# Task requirements:
Your answer should be the lines below from the one holding "Amza Pellea, în" through the one holding "ELGI Duplex 15", copied exactly and with nothing else.

# Exercise materials:
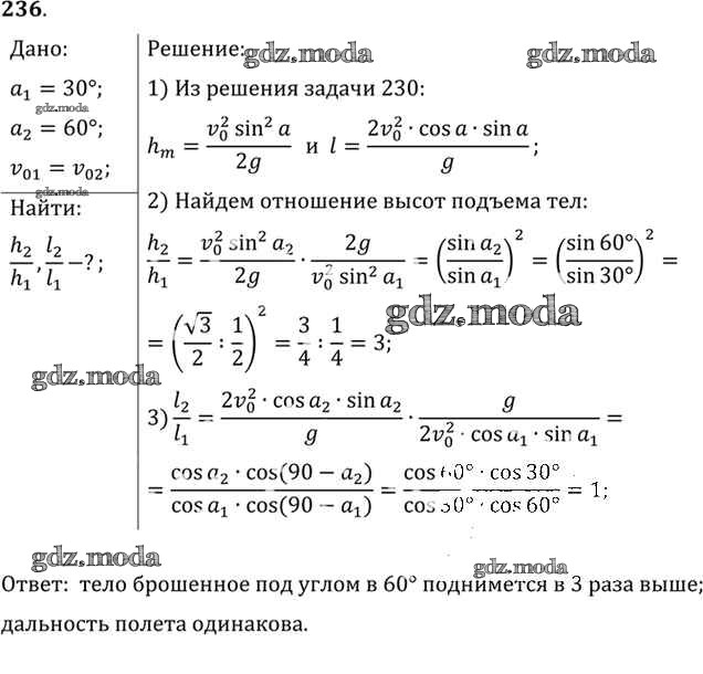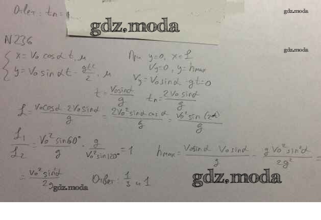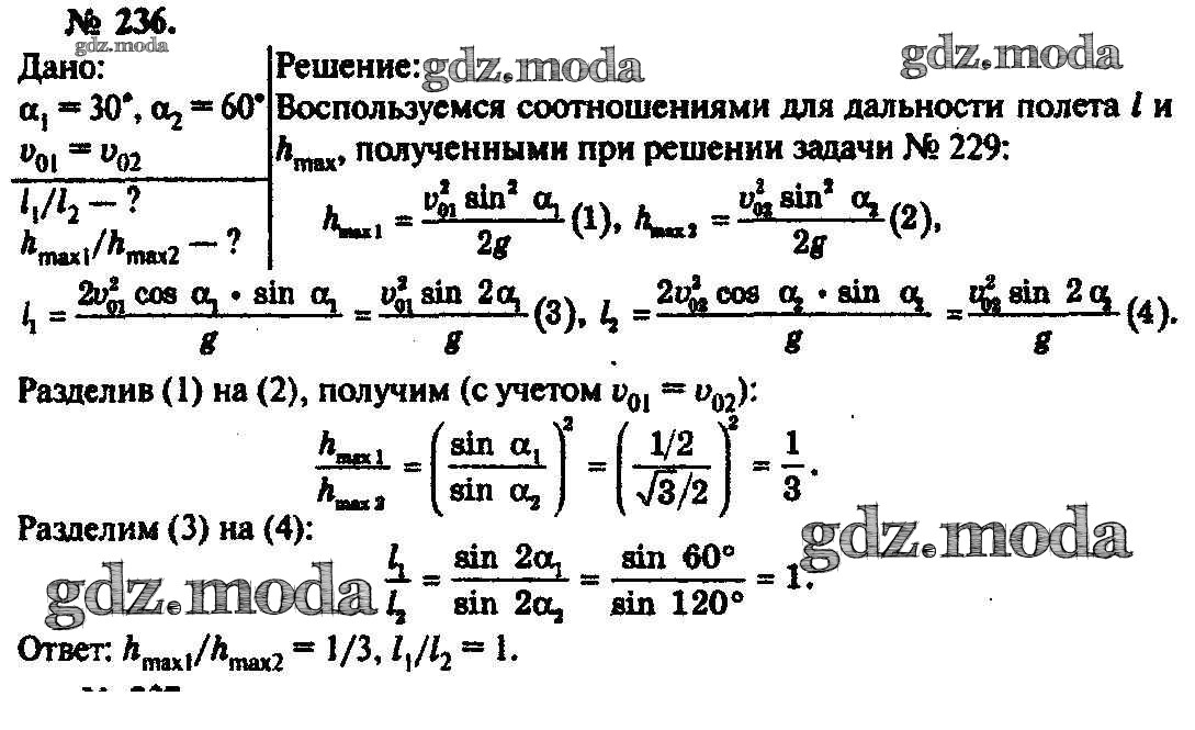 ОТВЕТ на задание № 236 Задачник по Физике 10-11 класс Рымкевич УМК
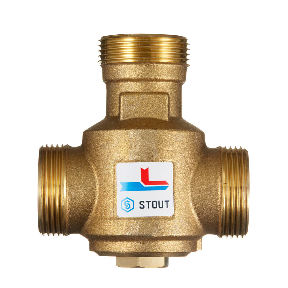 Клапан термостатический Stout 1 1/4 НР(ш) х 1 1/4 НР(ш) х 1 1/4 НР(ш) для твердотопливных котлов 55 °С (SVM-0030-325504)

---

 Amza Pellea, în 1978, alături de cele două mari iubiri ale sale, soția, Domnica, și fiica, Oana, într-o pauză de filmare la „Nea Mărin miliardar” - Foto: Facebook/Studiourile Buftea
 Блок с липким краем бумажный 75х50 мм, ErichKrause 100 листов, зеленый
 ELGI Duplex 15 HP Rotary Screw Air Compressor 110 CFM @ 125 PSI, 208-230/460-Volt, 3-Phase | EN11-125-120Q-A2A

# Exercise solution:
 Amza Pellea, în 1978, alături de cele două mari iubiri ale sale, soția, Domnica, și fiica, Oana, într-o pauză de filmare la „Nea Mărin miliardar” - Foto: Facebook/Studiourile Buftea
 Блок с липким краем бумажный 75х50 мм, ErichKrause 100 листов, зеленый
 ELGI Duplex 15 HP Rotary Screw Air Compressor 110 CFM @ 125 PSI, 208-230/460-Volt, 3-Phase | EN11-125-120Q-A2A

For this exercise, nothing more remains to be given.